Studio album by Kingfish
- Released: 1985
- Recorded: 1973 – 1980
- Genre: Rock
- Length: 41:11
- Label: Relix
- Producer: Matt Kelly Barry Flast

Kingfish chronology
| Trident (1978) | Kingfish (1985) | Alive in Eighty Five (1985) |

= Kingfish (1985 album) =

1985 studio album by Kingfish

Kingfish is an album by the rock band Kingfish. It contains previously unreleased tracks that were recorded at various times during the band's first eight years, and is sometimes referred to as Kingfish (1973–80). Released by Relix Records as a vinyl LP in 1985, side one was recorded in the studio, and side two was recorded live. It was released on CD in 1991.

Kingfish is not to be confused with the band's 1976 debut album, which is also titled Kingfish.

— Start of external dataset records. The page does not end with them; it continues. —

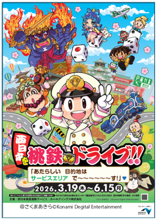 令和8年3月19日(木曜)から6月15日(月曜)まで高速道路のSA・PAで大人気すごろくゲーム「桃太郎電鉄」(発売元:株式会社コナミデジタルエンタテインメント)とのコラボイベント「西日本を桃鉄ドライブ!!」を開催します。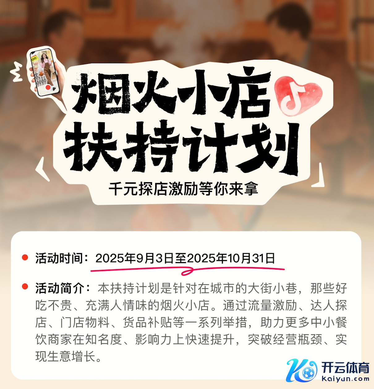 9月10日,抖音活命管事晓示上线“烟火小店扶捏探讨”,通过流量引发、达东说念主探店、门店物料、货物补贴、榜单荣誉等一系列举措,助力更多线下中小餐饮商家冲破筹划瓶颈、完终买卖增长。商家可在抖音搜索“寻味烟火气”活动,进入“交出你的矿藏烟火小店”版本提交小店信息,或联系抖音业务司理报名。据了解,“烟火小店扶捏探讨”是抖音活命管事“寻味烟火气”系列活动之一。“寻味烟火气”活动旨在通过流量引发、活动定制文创附进等多重奖励尊龙凯时体育,饱读吹达东说念主与用户打卡烟火小店,发掘街边好意思食。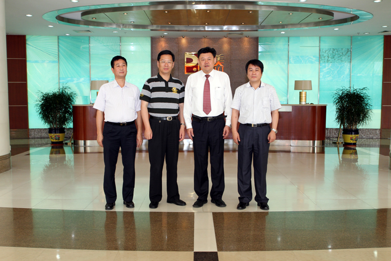 | 顏總與朱勤虎副局長(zhǎng)(右二)等領(lǐng)導(dǎo)合影 | 領(lǐng)導(dǎo)一行參觀保健食品廠 | 顏總向領(lǐng)導(dǎo)們介紹公司檢測(cè)中心 |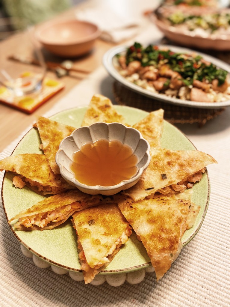 其中難度最高的當然是月亮蝦餅,首先要把大約20隻以上的蝦子剝殼、剁成泥、醃過、放上蛋餅皮、下鍋煎,但我的小心得是蛋餅做起來還是厚了些,下次我再用自己調的麵糊試試看!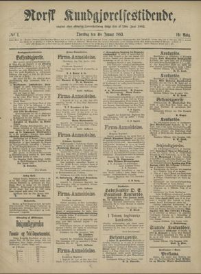 - Norsk Kunngjørelsestidende på Nasjonalbibliotekets nettbibliotek (1883–1938).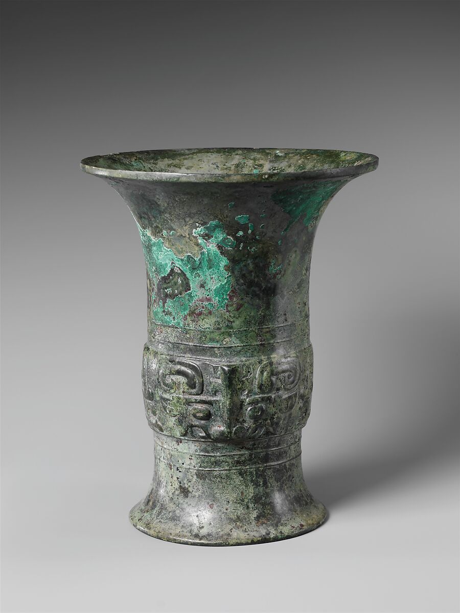 This ritual wine vessel, called a zun, has a wide, flared lip to facilitate pouring. The center section bears the most common decorative motif of Shang and Zhou bronzes—a stylized animal “mask” called a taotie.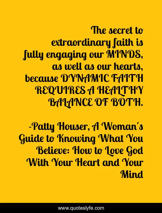 This page presents the quote "The secret to extraordinary faith is fully engaging our MINDS, as well as our hearts, because DYNAMIC FAITH REQUIRES A HEALTHY BALANCE OF BOTH.". Author of this quote is Patty Houser, A Woman's Guide to Knowing What You Believe: How to Love God With Your Heart and Your Mind. This quote is about faith, spiritual-formation, belief, christianity-and-faith, christianity, spiritual-disciplines, inspirational, enthusiasm, beliefs,.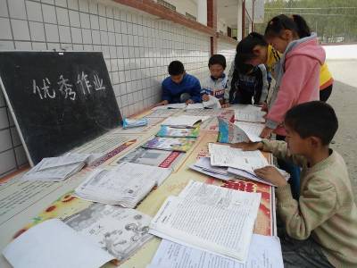 16日,十堰市郧阳区五峰乡界牌完全小学学生在观摩优秀作业本。该校举行学生“优秀作业展”活动,集中展出书写工整、格式标准、正确率高的“优秀作业”,组织学生观看、学习,进一步提高学生的汉字书写水平,培养良好的学习习惯,传递学习正能量。(视界网 周学山)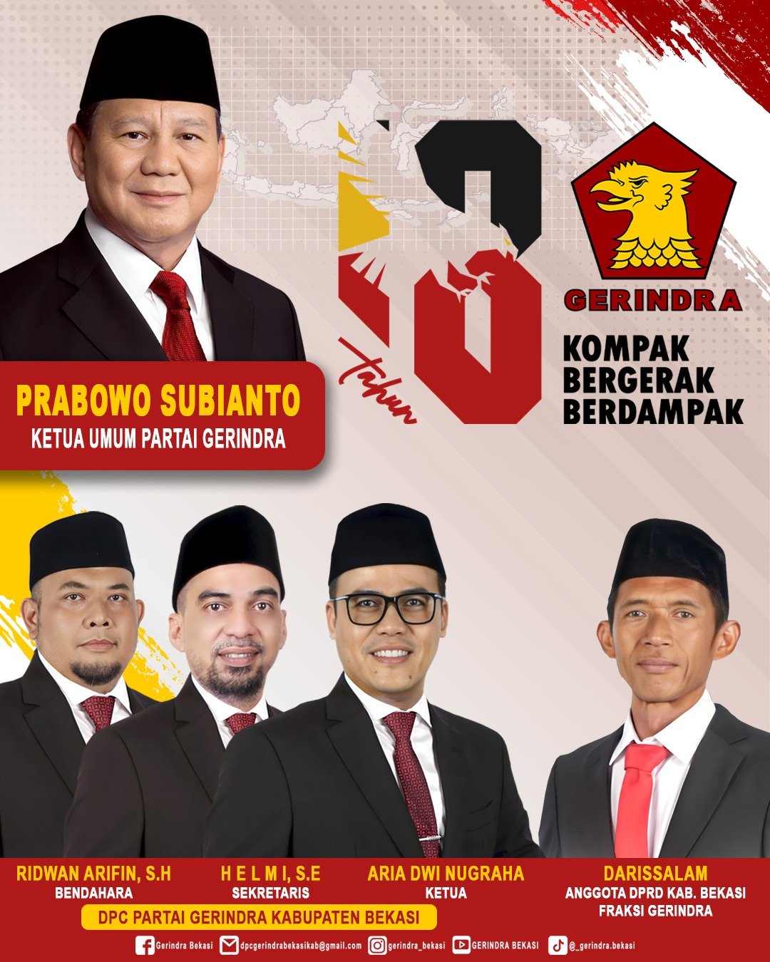 Anggota DPRD Kabupaten Bekasi Darissalam Mengucapkan Selamat Hut Partai Gerindra Yang Ke-18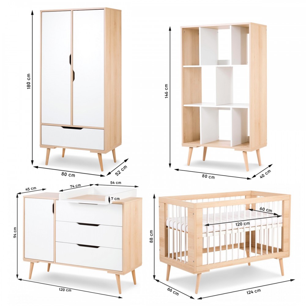 SOFIE Chambre bébé complète Commode à langer Armoire Bibliothèque et Lit
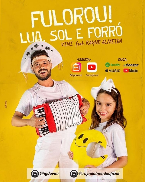 Inspirado pelo ritmo popular arrasta-pé do Nordeste, o artista convidou a cantora Rayne Almeida para fazer uma participação especial, além do coral infantil Emaús na música composta por Edigar Mão Branca, forrozeiro reconhecido da região. “Fiz questão de gravar meu primeiro single com este ritmo tão popular no Nordeste pela energia que ele transmite. É bastante comum em quadrilhas juninas e também em festas de São João. Acho também que precisamos valorizar a diversidade cultural que existe no Brasil e no mundo. Quero muito imprimir isso em minhas gravações”., comenta VINI que, recentemente, participou do clipe “Ei Paixão” da dupla Léo Ribeiro & Pyrany.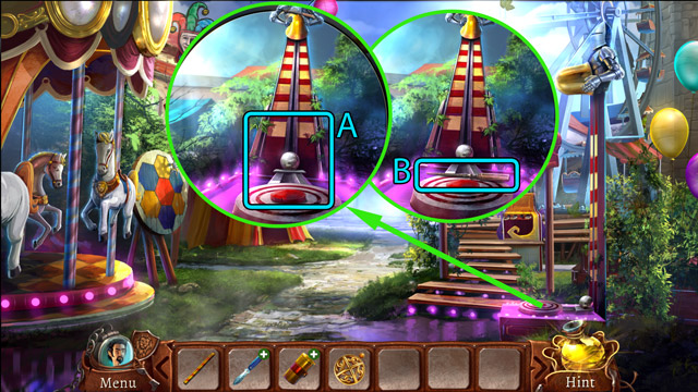 - Hit the high striker (A) with the Hammer twice.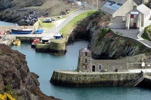 Cemaes Bay has a lovely harbour with many small craft coming and going. There are a few pubs and a restaurant there and ample car parking next to a sheltered beach suitable for bathing and fun. A short walk along the headland gets you to Llanbadrig Church pictured here, with great views towards the Skerries, small uninhabited islands off the coast with a prominent lighthouse.

Bob Weir of the Grateful Dead, who was a member of Kingfish from 1974 to 1976, plays on seven of the album's thirteen songs.

Professional ratings
Review scores
| Source | Rating |
| AllMusic |  |

==Track listing==

LP side one — studio cuts:
1. "Mess Around" (Ahmet Ertegun) – 3:00
2. "Put Your Hand on Me" (John Lee Hooker) – 4:52
3. "My Pledge of Love" (Joe Stafford) – 3:12
4. "Taste of the Devil" (Barry Flast) – 3:14
5. "Fox on the Run" (Tony Hazzard) – 2:53
6. "Feels So Good" (Bob Hogins, Michael O'Neill, Dave Torbert) – 3:00
7. "Juke" (Little Walter) – 2:27

LP side two — live cuts:
1. - "Hidden Charms" (Willie Dixon) – 3:05
2. "School Days" (Chuck Berry) – 2:21
3. "Road Runner" (Brian Holland, Lamont Dozier, Edward Holland, Jr.) – 4:21
4. "Young Blood" (Jerry Leiber, Mike Stoller, Doc Pomus) – 2:33
5. "Promised Land" (Berry) – 3:43
6. "Key to the Highway" (Charlie Segar, Big Bill Broonzy) – 4:51

==Personnel==

===Musicians===
- Matt Kelly – guitar, harmonica, vocals
- Dave Torbert – bass, vocals
- Bob Weir – guitar, vocals
- Barry Flast – Hammond B-3 organ, piano, bass, vocals
- Robbie Hoddinott – guitar
- Chris Herold – drums
- Michael O'Neill – guitar, vocals
- Mick Ward – piano
- Garth Webber – guitar
- Fred Campbell – guitar, vocals
- Michael Bloomfield – guitar
- John Lee Hooker – vocals
- Patti Cathcart – vocals
- Barry Frost – piano
- David Rea – banjo
- Dave Perper – drums
- Jim Weiss – drums, vocals

Lead vocals: Matt Kelly on "Taste of the Devil", "Fox on the Run"; Dave Torbert on "Mess Around", "School Days", "Young Blood"; Bob Weir on "Hidden Charms", "Road Runner", "Promised Land"; Barry Flast on "My Pledge of Love", "Feels So Good"; Michael O'Neill on "Key to the Highway"; John Lee Hooker on "Put Your Hand on Me"

===Production===
- Matt Kelly – producer
- Barry Flast – producer
- Tim Hovey – live cuts engineer
- Gil Mance – cover art
- James A. Nelson – trident design

"This record is a living tribute to Dave Torbert, June 7, 1948 – Dec. 7, 1982."